> DATA SECTION
========

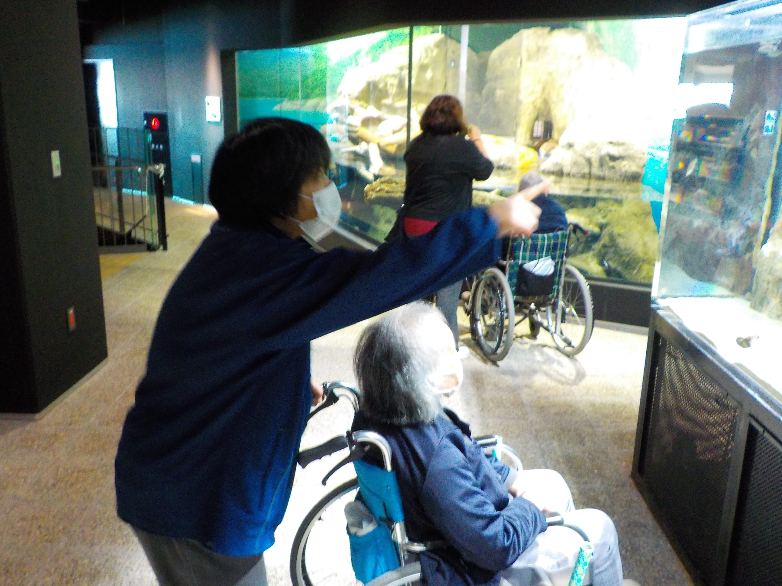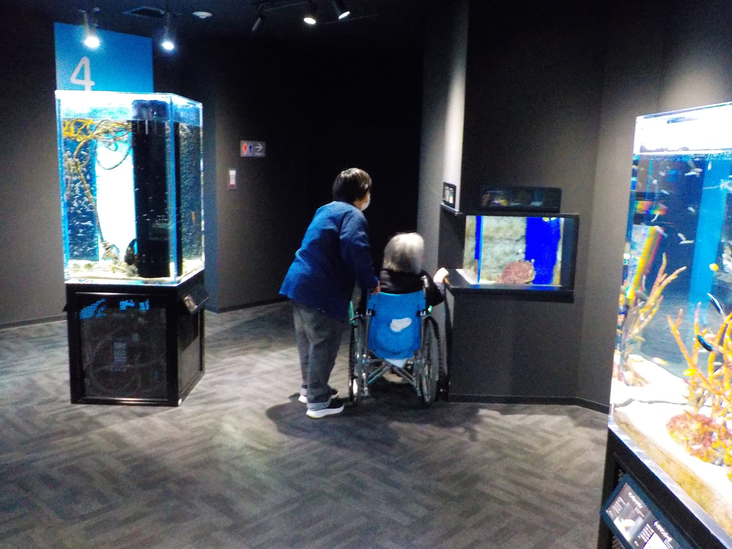 12/13(水)、ケアハウスひだまり入居者の方の外出ボランティアとして、足摺海洋館 SATOUMIに行ってきました。
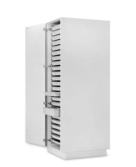 Ideal für Anwendungen, bei denen offene Regale aus Hygiene- oder Sicherheitsgründen nicht eingesetzt werden können, die Vorteile des ISO-Modulsystems aber dennoch wichtig sind.
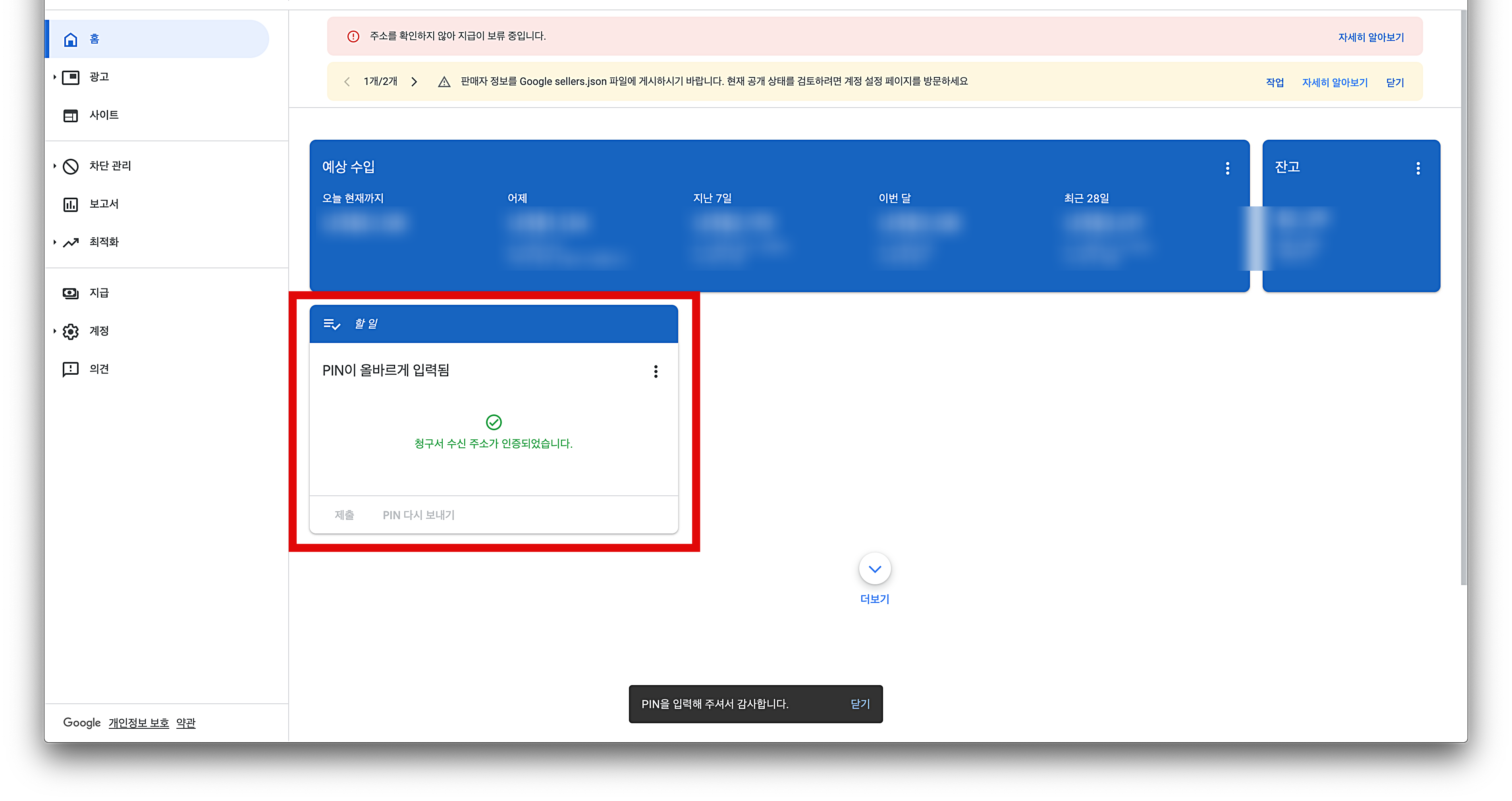 애드센스 주소 확인과 pin 번호 인증 방법에 대해 소개하겠다.

========

> PROMPT
Nothing but the lines from the line with "Ideal für Anwendungen, bei" through the last line of the listing should be copied, exactly and with both ends kept. Leave pictures out.

> RESPONSE AREA
 Ideal für Anwendungen, bei denen offene Regale aus Hygiene- oder Sicherheitsgründen nicht eingesetzt werden können, die Vorteile des ISO-Modulsystems aber dennoch wichtig sind.
 애드센스 주소 확인과 pin 번호 인증 방법에 대해 소개하겠다.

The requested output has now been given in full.